Material and Method: In this study, we retrospectively analyzed 84 cases diagnosed with chronic lymphocytic thyroiditis based on the analysis of thyroidectomy specimens in our center over the last five years. We classified them as normal, reactive and dysplastic changes and performed an immunohistochemical analysis using HBME-1, Galectin-3, Cytokeratin 19, and Cyclin D1.

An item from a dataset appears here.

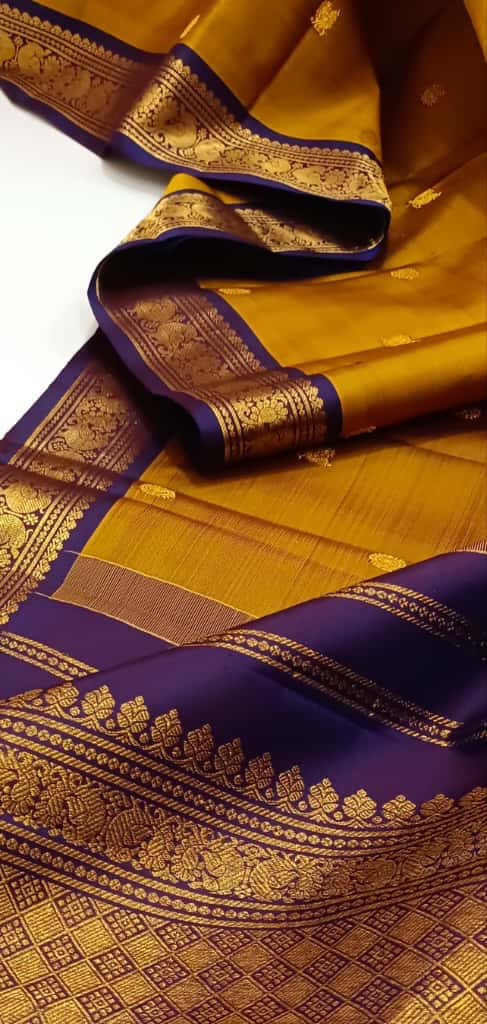 Immediate Dispatch Exquisite Handwoven kancheevaram Silk in Biscuit Brown shade with a beautiful Contrast Electric Purple pallu and blouse. Swipe to check the beautiful Pallu and more...

Results: The mean age of the patients was 45.5 years, and 68 were female and 16 were male. According to the morphological features, 42.9% of the were classified to have normal morphology, 44.0% reactive atypia, and 13.1% follicular epithelial dysplasia (FED). Of the chronic lymphocytic thyroiditis cases, 42.9% were associated with malignancy, with the most common accompanying malignancy being papillary thyroid cancer (36.9%). Immunohistochemically: for HBME-1, FED (72.7%) was higher (p<0.05) than normal and reactive atypia (0.0%); for Galectin-3, FED (63.6%) was higher (p<0.05) than normal and reactive atypia (0.0%); for Cytokeratin 19, Reactive atypia (75.7%) and FED (90.9%) were higher than normal (44.4%); and for Cyclin-D1, Reactive atypia (62.2%) and FED (81.8%) were higher than normal (33.3%).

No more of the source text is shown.